AVAILABLE RECORDS:
┏━━
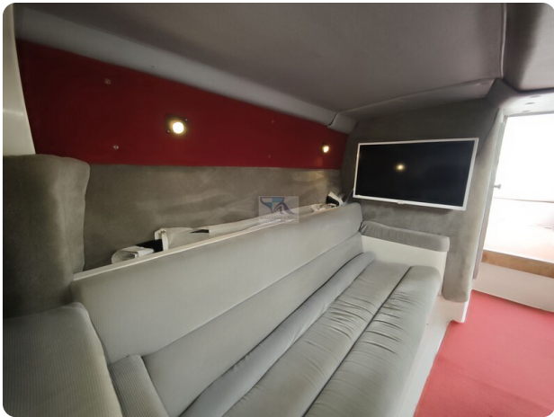
Cigarette 31 BULLET 22
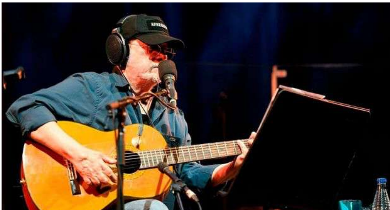
Silvio Rodríguez ofreció este sábado un concierto en el Wizink Center de Madrid.
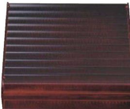
⑨ 1-298-10 A 8.5寸竹目松花堂 溜内黒塗(仕切別) ¥3,600 (25×25×7.8) 梱40
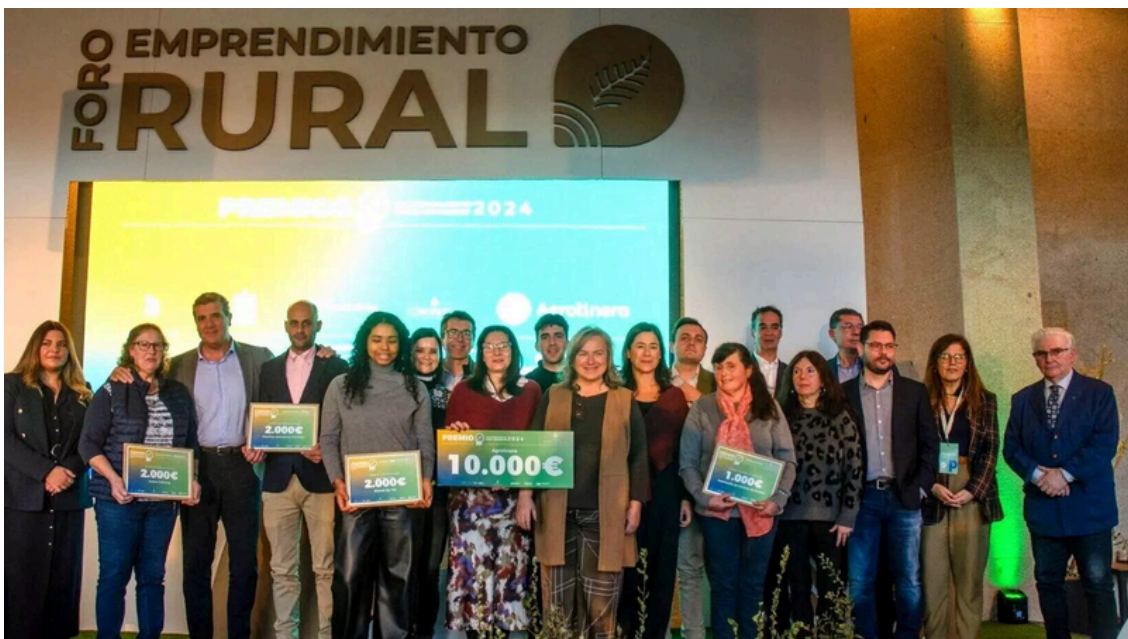
Premios al Emprendimiento Rural Innovador 2024

El premio principal, dotado con 10.000 euros, fue otorgado al proyecto Agrolinera, por su capacidad para generar impacto económico y medioambiental positivo a partir de soluciones innovadoras vinculadas al sector agroganadero. Asimismo, se concedieron distintas menciones especiales a proyectos relevantes por su contribución a la fijación de población, la innovación desde el territorio y el impacto social.
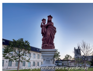
Vierge à l'enfant dans le jardin sud
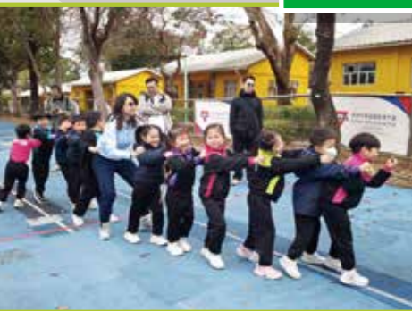
老師跟同學們一起玩集體遊戲
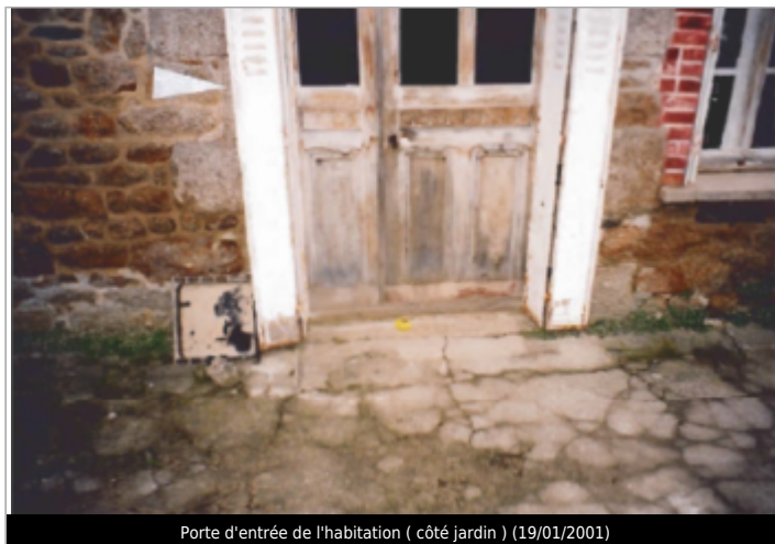
Porte d'entrée de l'habitation ( côté jardin ) ( 19/01/2001 )
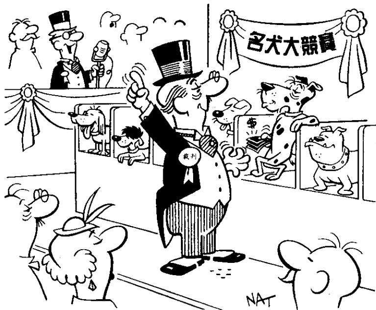
大家請注意，裁判先生即將選出本屆冠軍狗。
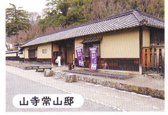
山寺常山邸 松代城下に残る最大(22m)の長屋門。
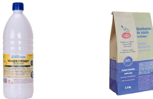
Illustration : vinaigre blanc + bicarbonate de soude
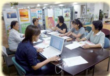
セミナー開催に向け活発に議論中

平成24年2月25日(土)～26日(日)、岡山プラザホテルで開催する「第20回助産師のための母乳育児セミナー」の準備のために集まりました。
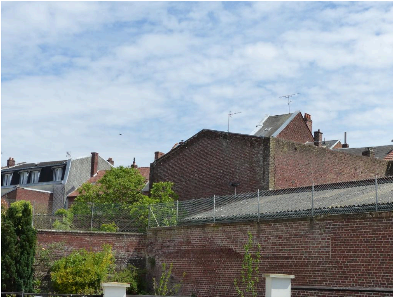
Vestiges de la salle d'audience de l'ancien palais de justice.
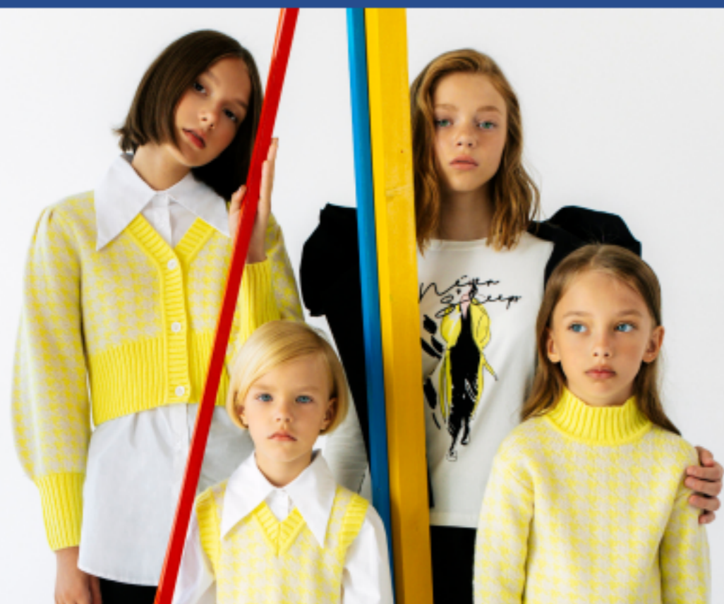
To Be Too

Компания Vebakids является официальным дистрибьютором брендов:
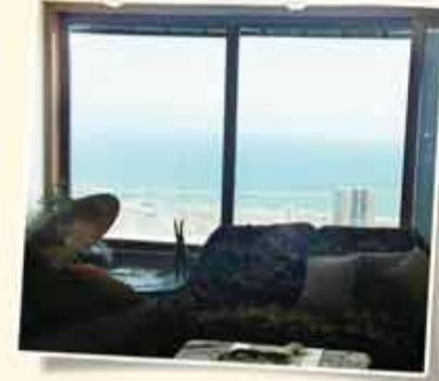
مشمونليم: 5 غرف مرمة - منظر خلاب للبحر 145م + شرفة + موقف + مصعد
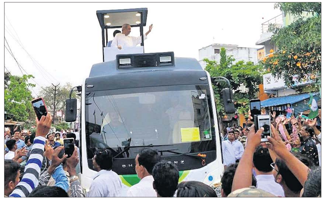
ବ୍ରହ୍ମପୁରରେ ମୁଖ୍ୟମନ୍ତ୍ରୀ ନବୀନ ପଟ୍ଟନାୟକ ରୋଡ ଶୋରେ ଯାଉଛନ୍ତି।

ନିର୍ବାଚନ ଚାରିଖ ଘୋଷଣା ପରଠାରୁ ପ୍ରଧାନମନ୍ତ୍ରୀ ନରେନ୍ଦ୍ର ମୋଦି ଏବଂ ଭାଇପା ଉଡ଼ିଶା ଗସ୍ତରେ ଆସୁଛନ୍ତି। ମୁଖ୍ୟମନ୍ତ୍ରୀ ନବୀନ ପଟ୍ଟନାୟକଙ୍କୁ ବିଭିନ୍ନ ପ୍ରସଙ୍ଗରେ ଆକ୍ରମଣ କରୁଛନ୍ତି। ବୁଧବାର ମୋଦି ଏବଂ ଶାହଙ୍କ ଉପରକୁ ଓଲଟା ଆକ୍ରମଣ କରିଛନ୍ତି ନବୀନ ପଟ୍ଟନାୟକ।
┗━━
AIM OF THE EXERCISE: Give back every record precisely as it stands, without the images.

RESPONSE:
Cigarette 31 BULLET 22
Silvio Rodríguez ofreció este sábado un concierto en el Wizink Center de Madrid.
⑨ 1-298-10 A 8.5寸竹目松花堂 溜内黒塗(仕切別) ¥3,600 (25×25×7.8) 梱40
Premios al Emprendimiento Rural Innovador 2024

El premio principal, dotado con 10.000 euros, fue otorgado al proyecto Agrolinera, por su capacidad para generar impacto económico y medioambiental positivo a partir de soluciones innovadoras vinculadas al sector agroganadero. Asimismo, se concedieron distintas menciones especiales a proyectos relevantes por su contribución a la fijación de población, la innovación desde el territorio y el impacto social.
Vierge à l'enfant dans le jardin sud
老師跟同學們一起玩集體遊戲
Porte d'entrée de l'habitation ( côté jardin ) ( 19/01/2001 )
大家請注意，裁判先生即將選出本屆冠軍狗。
山寺常山邸 松代城下に残る最大(22m)の長屋門。
Illustration : vinaigre blanc + bicarbonate de soude
セミナー開催に向け活発に議論中

平成24年2月25日(土)～26日(日)、岡山プラザホテルで開催する「第20回助産師のための母乳育児セミナー」の準備のために集まりました。
Vestiges de la salle d'audience de l'ancien palais de justice.
To Be Too

Компания Vebakids является официальным дистрибьютором брендов:
مشمونليم: 5 غرف مرمة - منظر خلاب للبحر 145م + شرفة + موقف + مصعد
ବ୍ରହ୍ମପୁରରେ ମୁଖ୍ୟମନ୍ତ୍ରୀ ନବୀନ ପଟ୍ଟନାୟକ ରୋଡ ଶୋରେ ଯାଉଛନ୍ତି।

ନିର୍ବାଚନ ଚାରିଖ ଘୋଷଣା ପରଠାରୁ ପ୍ରଧାନମନ୍ତ୍ରୀ ନରେନ୍ଦ୍ର ମୋଦି ଏବଂ ଭାଇପା ଉଡ଼ିଶା ଗସ୍ତରେ ଆସୁଛନ୍ତି। ମୁଖ୍ୟମନ୍ତ୍ରୀ ନବୀନ ପଟ୍ଟନାୟକଙ୍କୁ ବିଭିନ୍ନ ପ୍ରସଙ୍ଗରେ ଆକ୍ରମଣ କରୁଛନ୍ତି। ବୁଧବାର ମୋଦି ଏବଂ ଶାହଙ୍କ ଉପରକୁ ଓଲଟା ଆକ୍ରମଣ କରିଛନ୍ତି ନବୀନ ପଟ୍ଟନାୟକ।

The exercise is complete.